Thanks Aaron, I think I follow. A trend across within-patient changes sounds like what I want. I've done it this way and the results make sense. I've calculated percent change from baseline and plotted the hits, and they look good (e.g. effect sizes look right).

Hi Aaron,

Thanks again for your help. I'm struggling now with interpreting and explaining the FCs, with this design. I would like to present a table of results with p-values and FCs, then give a clear explanation of the analysis, and explain the results for one example (say, the top hit). I'd also like to present plots for the top hits - the preferred plots are spaghetti plots and/or boxplots of the percent-change-from-baseline. Relating all of these things to each other, correctly presented and explained, is tricky.

Our data is on a log2 scale. We are then looking at the contrasts specified above, which is, as you say, testing for a linear effect on the within-patient differences. So for each patient we have differences between 2 log-transformed data points, then we average by group and test for trend across 3 groups. Except I don't think the model is doing *exactly* that, is it? I'm struggling to understand and explain that part. So what is the logFC (and the FC) that limma produces, in this scenario? It's not really the log of the ratio of the averages of the change-from-baseline, is it? Some of these changes are negative, so how does that come into a FC?

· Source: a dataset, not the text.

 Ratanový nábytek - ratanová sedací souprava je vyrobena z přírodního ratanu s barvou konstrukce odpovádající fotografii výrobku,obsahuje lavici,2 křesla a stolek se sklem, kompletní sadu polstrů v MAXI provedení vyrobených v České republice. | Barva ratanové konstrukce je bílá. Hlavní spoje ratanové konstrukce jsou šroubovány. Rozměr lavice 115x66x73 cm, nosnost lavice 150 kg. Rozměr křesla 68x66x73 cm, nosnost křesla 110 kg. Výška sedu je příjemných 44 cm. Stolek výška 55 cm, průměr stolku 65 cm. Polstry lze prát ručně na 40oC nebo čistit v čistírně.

I want to explain it something like this, but I don't think its quite right:

"This analysis is based on within-patient change-from-baseline values. The means of these changes are compared for linear increase or decrease across dose groups. The FC value for each gene is the average of the ratios of the changes-from-baseline, between successive groups."

Any help with understanding and explaining the FCs would be very much appreciated. Thank you!

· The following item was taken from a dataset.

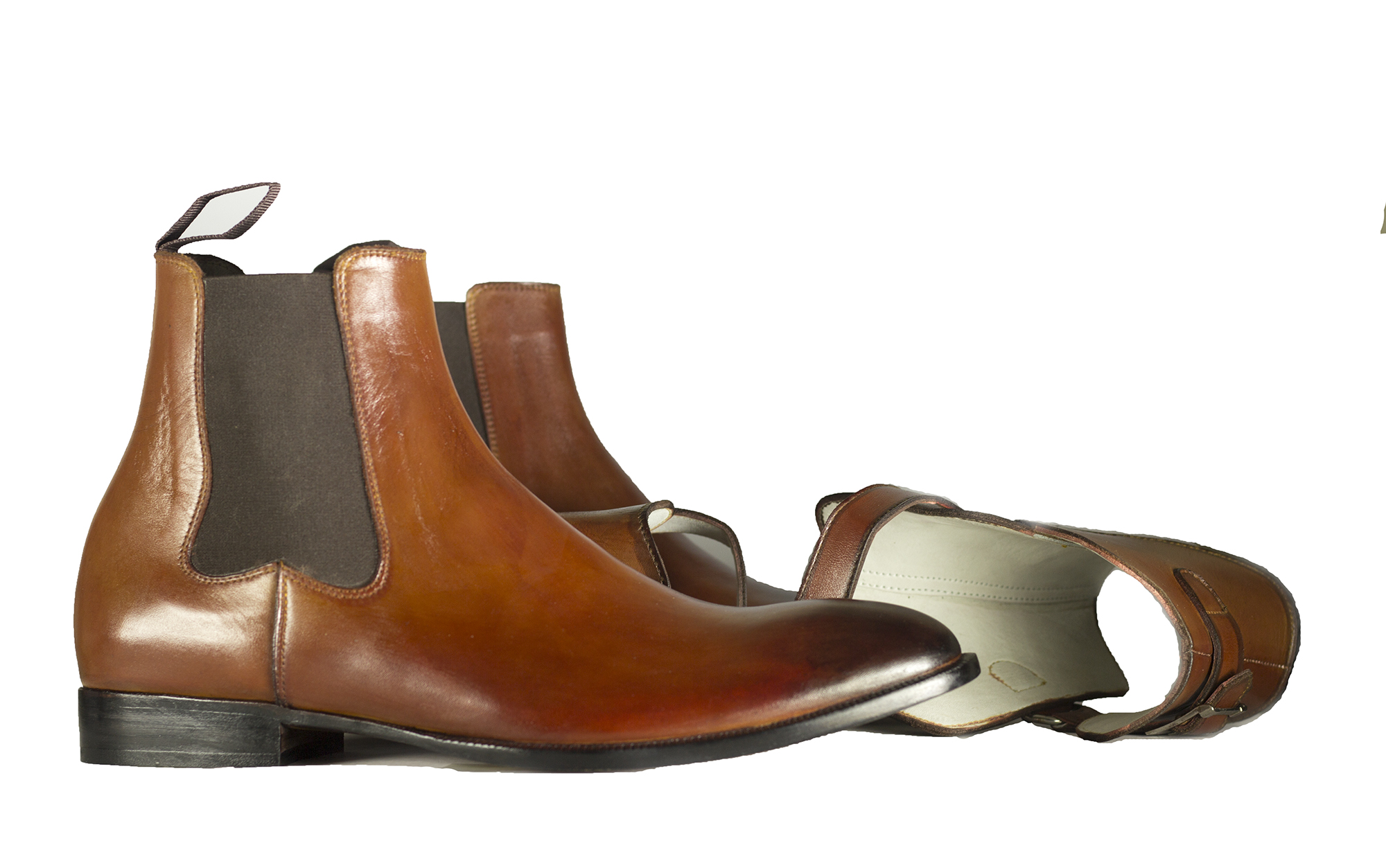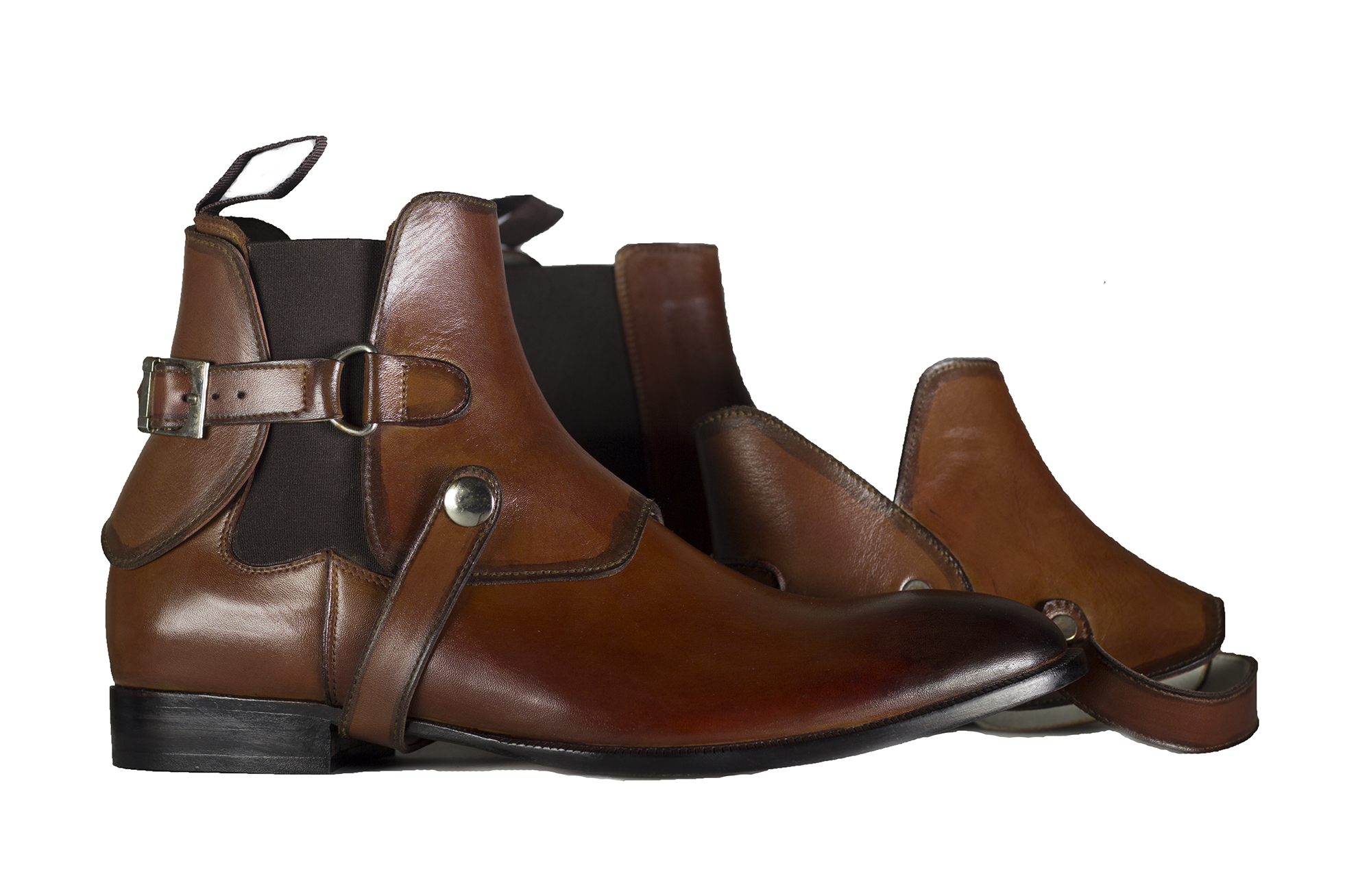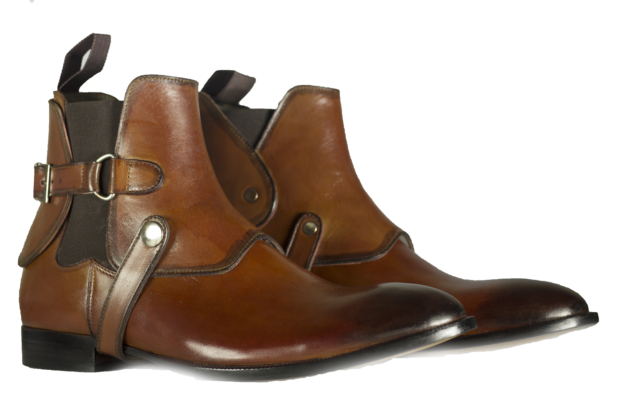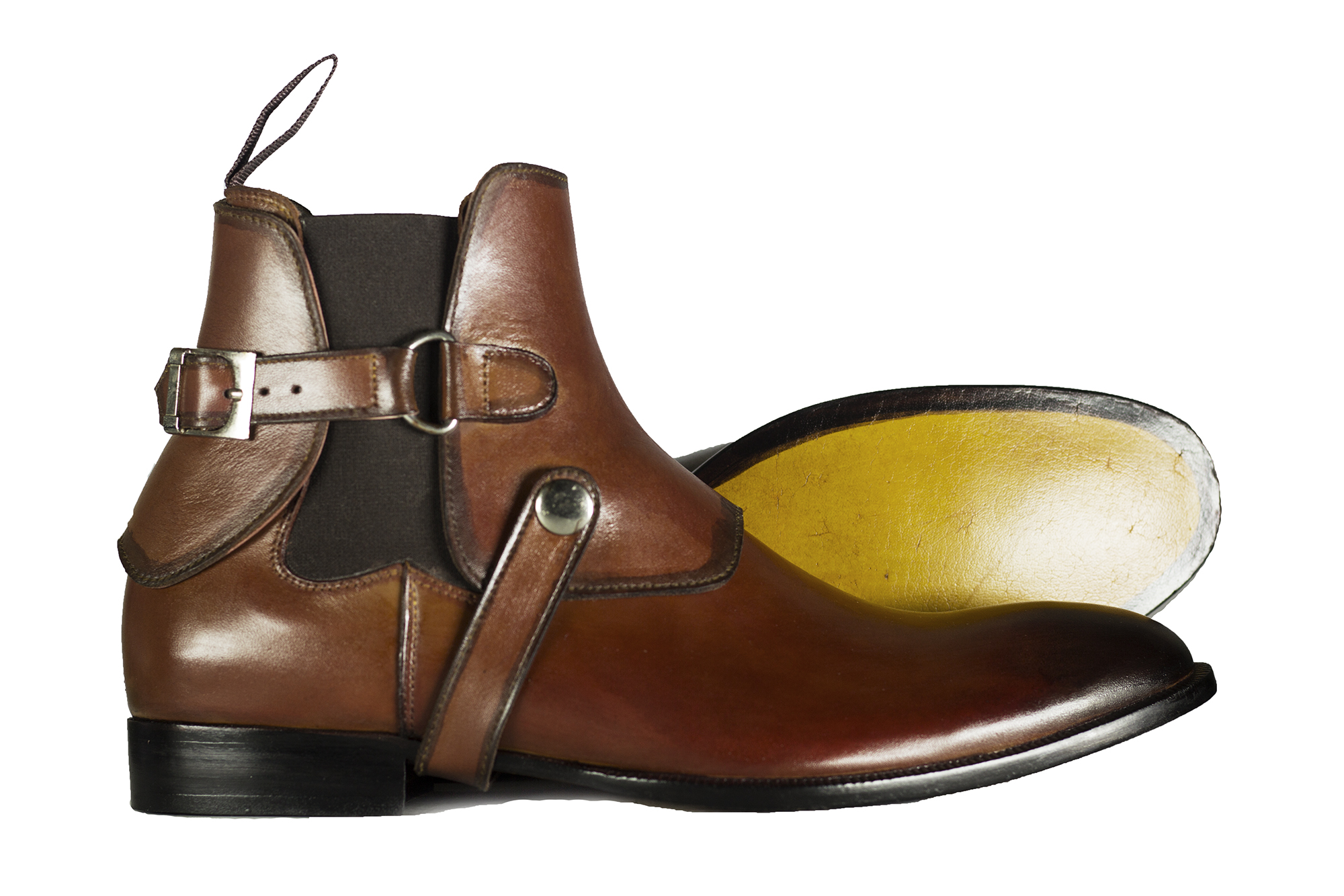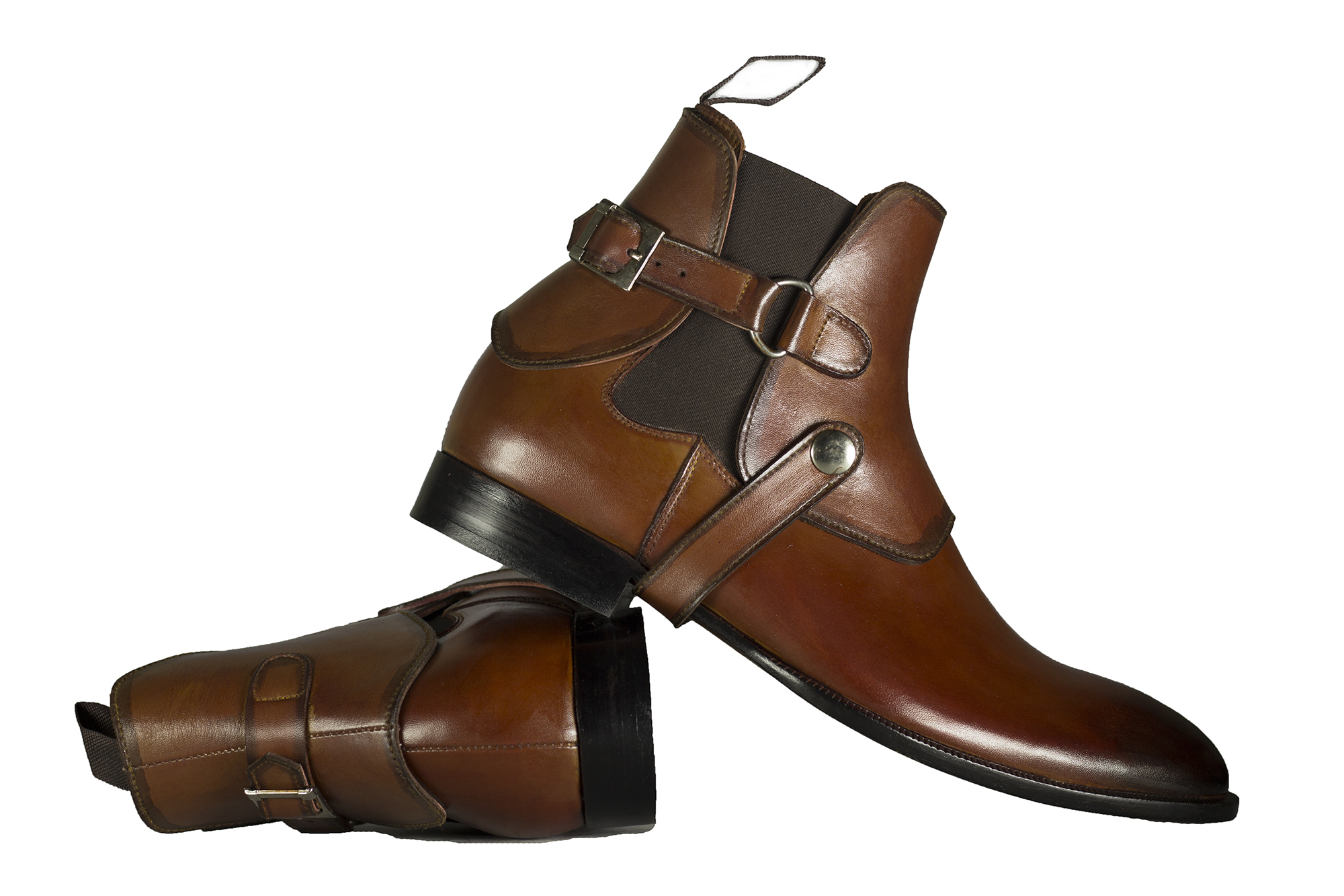 Hand Crafted Brown Ankle High Chelsea Buckle Strap Leather Boot

Don't think in terms of fold changes. Think in terms of log-fold changes. This allows you to consider positive and negative values without any problems.

Now, from the model that I described earlier, you're getting one value per patient - the log-fold change of visit 1 over baseline. You are then fitting the ~Treatment model to these log-fold changes. So a high-level summary would be that you're looking for changes in the treatment effect with increasing dosage. (Note, these are changes in the effect, not the effects themselves; the former represents a "difference of differences".)

The real problem is with the interpretation of the logFC reported by topTable. This nominally represents the "gradient" of the linear component of the trend  with respect to increasing dosage "levels". However, I'm not sure that this corresponds directly to any value of scientific interest. Interpretation of any gradient requires you to know the x-axis units - for example, increase in expression per day, or per mg of drug - but this is not given in the model. Significant quadratic or cubic components can also interfere with interpretation of the linear component, as I mentioned earlier.

If you're having trouble with interpreting these components, perhaps you should just use an ordinary factor with levels in the right order, as suggested here.